Conductive properties and mechanisms of different polymers doped by carbon nanotube/polypyrrole 1D hybrid nanotubes
Abstract
We suggested a method to reduce the amount of multi-walled carbon nanotubes (MWNTs) used for fabricating polymer composites, and revealed the electron transport mechanism in polymer matrixes with different polarities. Specifically, one-dimensional (1D) hybrid nanotubes (MPPy) have been easily prepared by in situ polymerization with an appropriate ratio of pyrrole to MWNTs. Three matrixes including polyvinyl chloride (PVC), poly(methyl methacrylate) (PMMA) and polystyrene (PS) were separately blended mechanically with the MPPy nanotubes.
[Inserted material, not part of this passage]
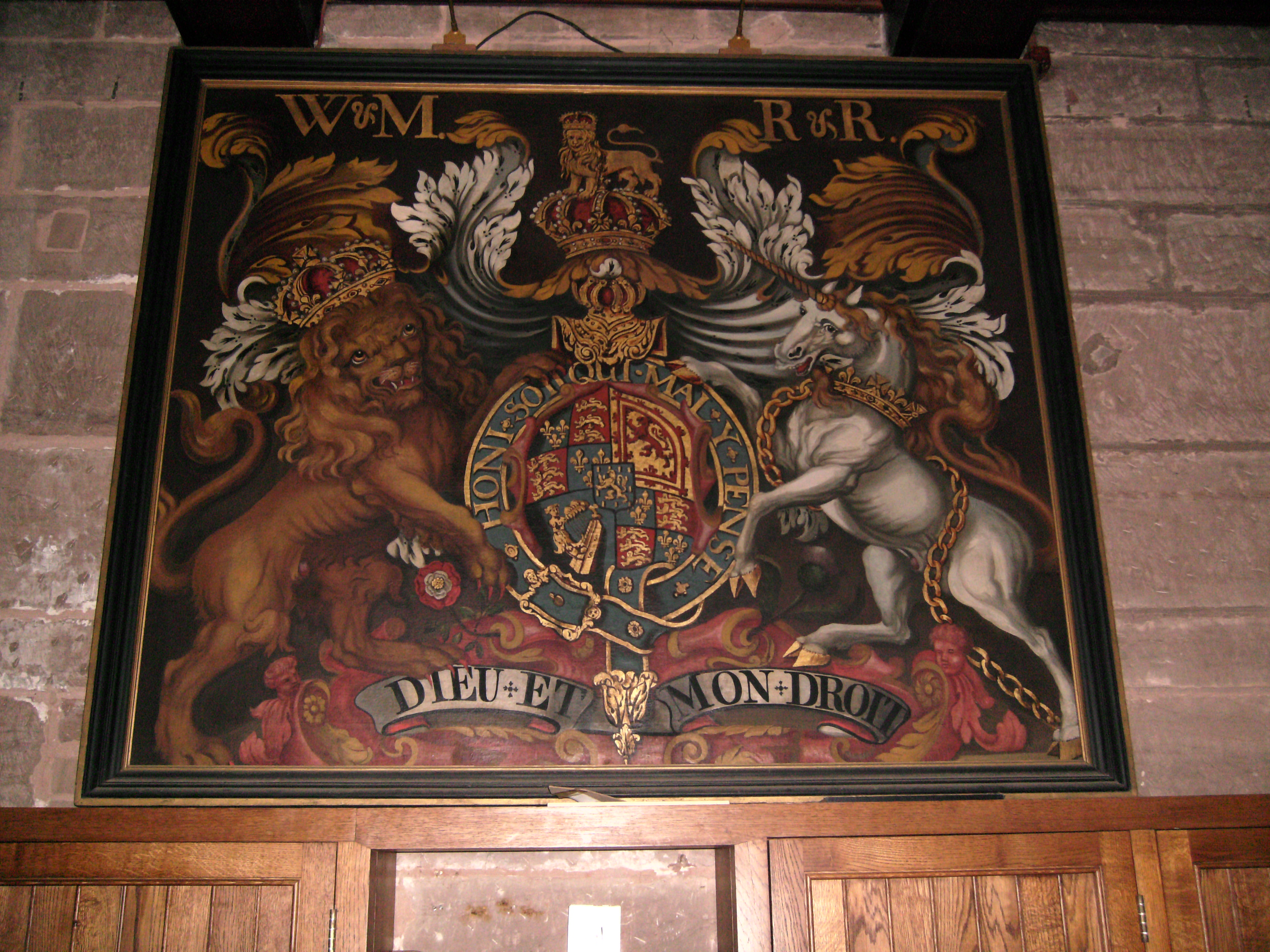 Board depicting arms of William III and Mary II at entraance to Brewood parish church, Staffordshire, England, c. 1690.

Three families of composites (MPPy/PVC, MPPy/PMMA, MPPy/PS) achieved electrical conductivities higher than 10−5 S cm−1 at 0.3 wt%, 0.8 wt% and 1.5 wt% of MWNTs. The amounts of MWNTs were an order of magnitude lower compared to bare MWNTs used as fillers. The highly ordered chain structure of PPy grown along the surface of the MWNTs might be responsible for the good performance of the MPPy nanotubes, as indicated by FESEM, X-ray photoelectron spectroscopy and Hall Effect Measurement System analysis. We combined the doping effect and tunneling distance to explore the conductive mechanism in the three matrixes. The more potent doping effect and longer tunneling distance in the MPPy/PVC families enabled a sharp improvement of carrier concentration and therefore a lower percolation threshold, compared to that of the MPPy/PMMA and MPPy/PS families.